The relevant code is attached here, fitt() defines all the options for fit V1 & S1 are input parameters, X1 Y1 is dimensions of the images.
parfor i = 1:X1
[ft1, opts1] = fitt();
for j = 1:Y1
[result1, gof1] = fit(V1(:,i,j),S1(:,i,j),ft1,opts1);
A1(i,j)=result1.C3;
A2(i,j)=result1.C1;
A3(i,j)=result1.C2;
end
end
I am using Matlab version R2012a on Windows Vista OS.
Thanks
Antworten (1)
Sean de Wolski
am 16 Aug. 2013
1 Stimme
A few questions and thoughts:
- What are you actually fitting and how big are your images?
- Also, have you tried LSQCURVEFIT in the Optimization Toolbox? I think you might see a speedup with it.
- Another thing to consider is how much variation do you expect in the coefficients of adjacent or near adjacent pixels? If the variation is not expected to be much, use the results from the previous iteration as your initial guess in the next iteration. This will hopefully give the optimizer a good starting point so that it can converge with fewer iterations.

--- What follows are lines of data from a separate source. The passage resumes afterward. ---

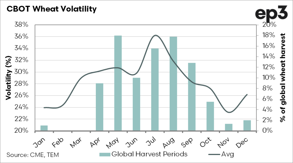 If we use CBOT as an indicator of global wheat markets, the volatility increases towards the middle of the year. The chart above displays the average monthly volatility (excluding 2022), against the world’s wheat harvest percentage.
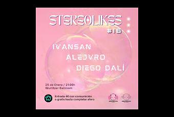 Stereolikes vuelve a Wurlitzer Ballroom con tres propuestas en directo que no hay que perder de vista.Stereolikes vuelve con tres propuestas, Ivansan, Alejvro y Diego Dalí en Wurlitzer Ballroom el 25/1.En esta nueva fecha dentro de las sesiones Stereolikes encontraremos a tres propuestas muy interesantes y de esencia emergente. Un evento con Ivansan, Alejvro y Diego Dalí son las tres propuestas musicales que estarán en Wurlitzer este 25/1 por todo lo alto.
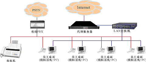 。。某中小企業(yè),無分支機構,現(xiàn)時有一個由傳統(tǒng)PBX構建的電話系統(tǒng)和一個以太局域網(wǎng),兩者相互獨立,局域網(wǎng)通過一臺代理服務器用以太網(wǎng)或ADSL方式接入Internet。企業(yè)的語音通信由電話系統(tǒng)實現(xiàn);員工的日常工作需要使用計算機以及多種局域網(wǎng)和Internet服務(如文件共享、網(wǎng)絡打印、瀏覽網(wǎng)頁、收發(fā)郵件等),這些服務通過局域網(wǎng)提供,目前,在企業(yè)的經營管理上還沒有應用相關的業(yè)務系統(tǒng)(如工作流、ERP、CRM等)。
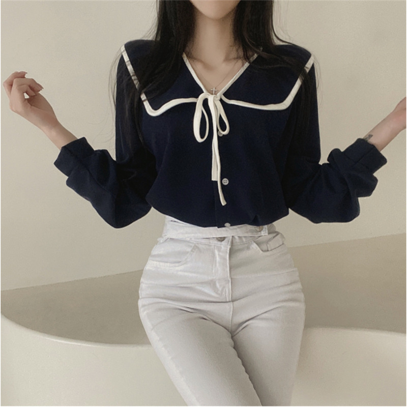 2024 한국의 세련된 봄과 가을 새로운 인형 칼라 레이스 업 랜턴 소매 셔츠 여성용 내외형 단색 셔츠스토어 가기
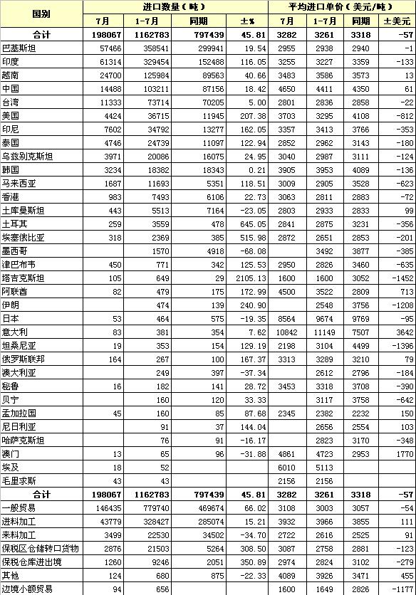 錦橋紡織網(wǎng)—資訊頻道> 統(tǒng)計資料>正文 2013年7月我國棉紗線進口統(tǒng)計
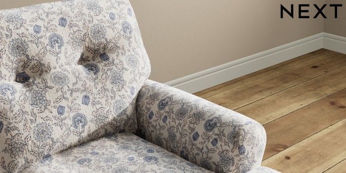 7.3.1 Buy Erin Buttoned Back Deep Relaxed Sit 2 Seater Small Sofa Relaxed Linen Look Print Woodblock Floral Blue High Classic Turned - Mid from the Next UK online shop Click here to use our accessible website
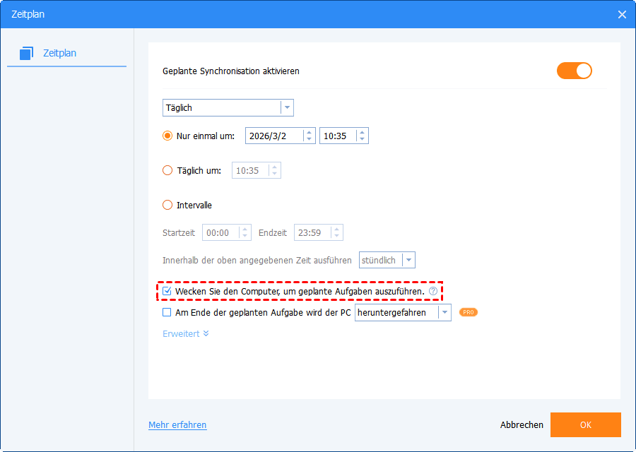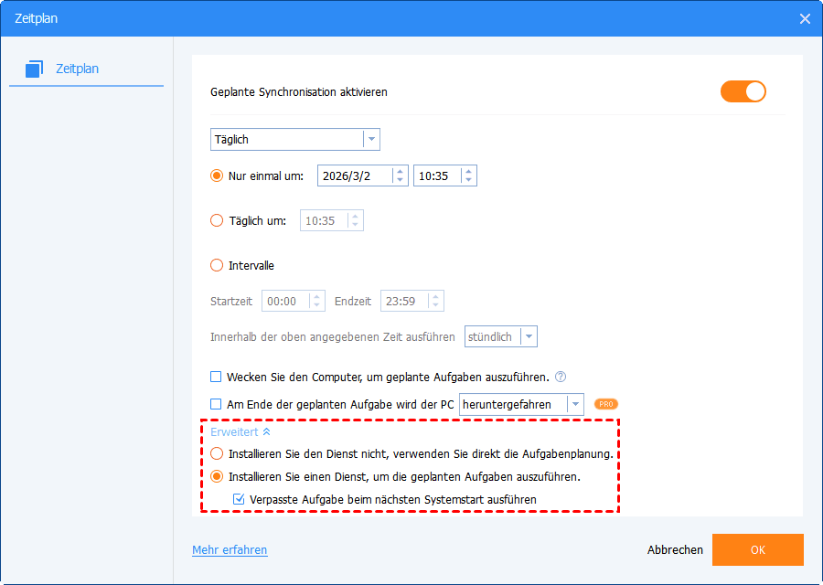 In den „Erweitert“-Zeitplaneinstellungen können Sie „Verpasstes Backup beim nächsten Systemstart ausführen“ aktivieren, sodass ein verpasstes Backup beim nächsten Systemstart ausgeführt wird, wenn der PC vor dem geplanten Sicherungszeitpunkt heruntergefahren wurde.
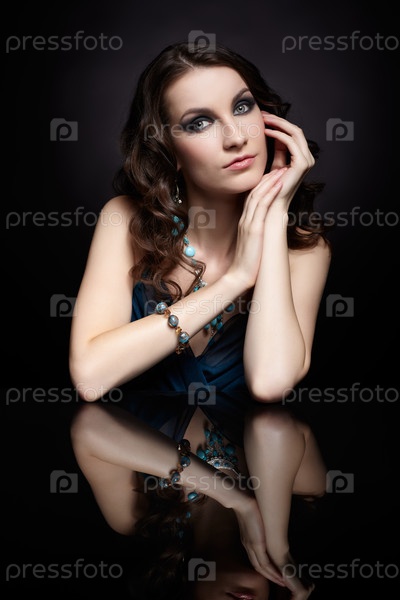 Портрет молодой красивой брюнетки с ювелирными украшениями на темном фоне с отражением
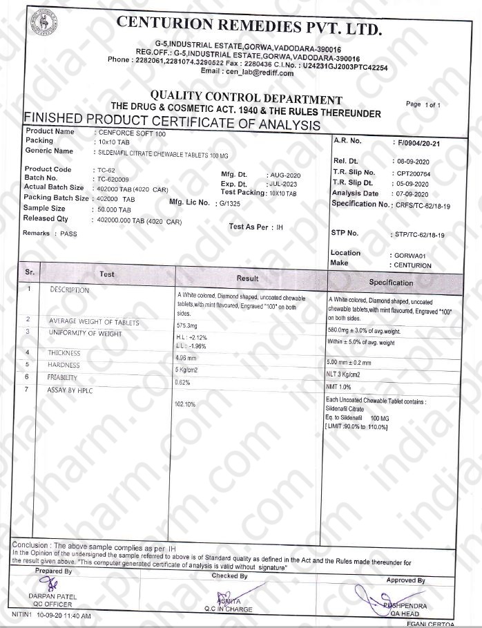 | Название препарата | Cenforce Soft 100 (Sildenafil Citrate Chewable Tablets) |
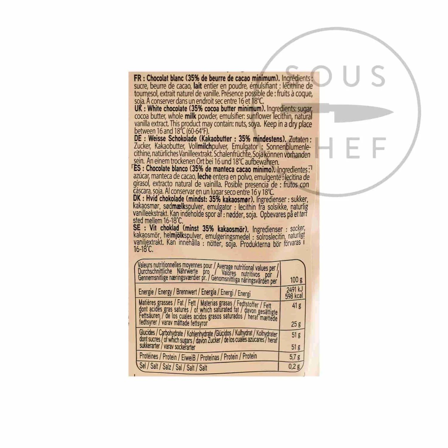 Valrhona ivoire contains a minimum of 35% cocoa butter which helps the chocolate melt and flow in baking, and gives the white chocolate its creamy taste. The individually moulded chocolate chips are easy to weigh out and very quick to melt with their trademark Valrhona feves or bean shape.
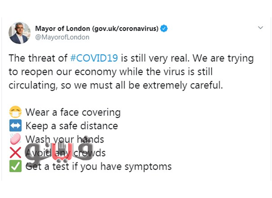 وكتب صادق خان تغريدة على تويتر "لا يزال تهديد # COVID19 حقيقيًا جدًا. نحن نحاول إعادة فتح اقتصادنا بينما الفيروس لا يزال ينتشر، لذلك يجب أن نكون جميعًا حذرين للغاية.. ارتدوا الكمامات.. حافظوا على التباعد الاجتماعي.. اغسلوا أيديكم.. وتجنبوا الازدحام.. وقوموا بعمل اختبار في حالة وجود أعراض".

- Do you really need to do this at each pixel? Downsampling by a factor of two in each dimension will get you a 4x speedup pretty effortlessly.
8 Kommentare
Pooja C
am 19 Aug. 2013
Sean de Wolski
am 19 Aug. 2013
I haven't timed it but expect it to be faster as it is just a solver, it does not compute other things as well.
Pooja C
am 23 Aug. 2013
Sean de Wolski
am 23 Aug. 2013
Hi Pooja,
Glad to hear lsqcurvefit sped it up. You are certainly right that PARFOR requires independent iterations. However, there are approaches you could take to get around this. Perhaps a parfor loop with a regular for loop nested inside of it. You could also do a coarse search, say look at every 3rd or 4th pixel in each dimension. Save these results, and then use that as a starting point for all of the neighbor pixels in a second round of parfor. This would alleviate the dependency between iterations.

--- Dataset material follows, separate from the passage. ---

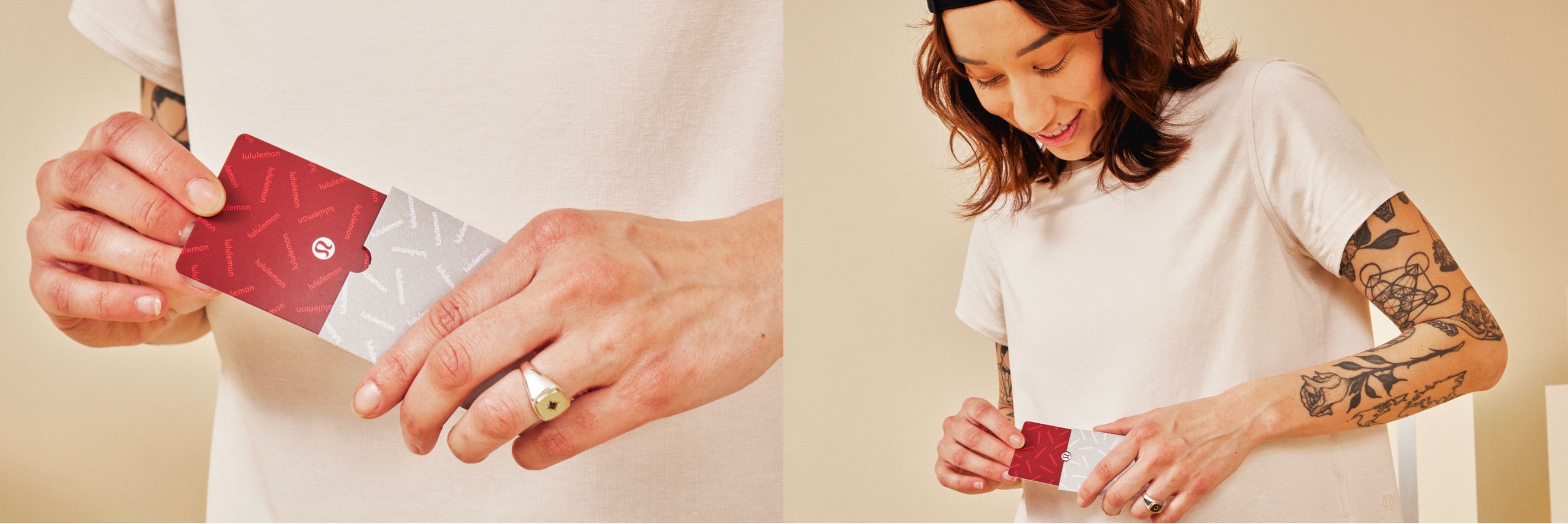 Gift Cards | lululemon athletica Gift Cards issued through lululemon Like New (trade-in e-gift cards) may not be redeemed in combination with employee or community discounts (Military / First Responder / Health Care Worker, Sweat Collective, Ambassador). Gift Cards purchased in China, Mexico, Dubai, or Qatar must be redeemed in the same country of purchase.

It might help further to use LSQCURVEFIT with a user-supplied Jacobian calculation, if this is not being done already,
options=optimoptions(@lsqcurvefit,'Jacobian','on')
It sounds like this could cut down on the number of exp() operations by at least a few factors, and might also accelerate convergence.
Pooja C
am 27 Aug. 2013
Hi Matt J, The Jacobian showed little improvement in time reduction.
It's more than just turning Jacobian on. There is code optimization to be done. You have to recycle the exponential expressions used in the objective function calculation when computing the Jacobian.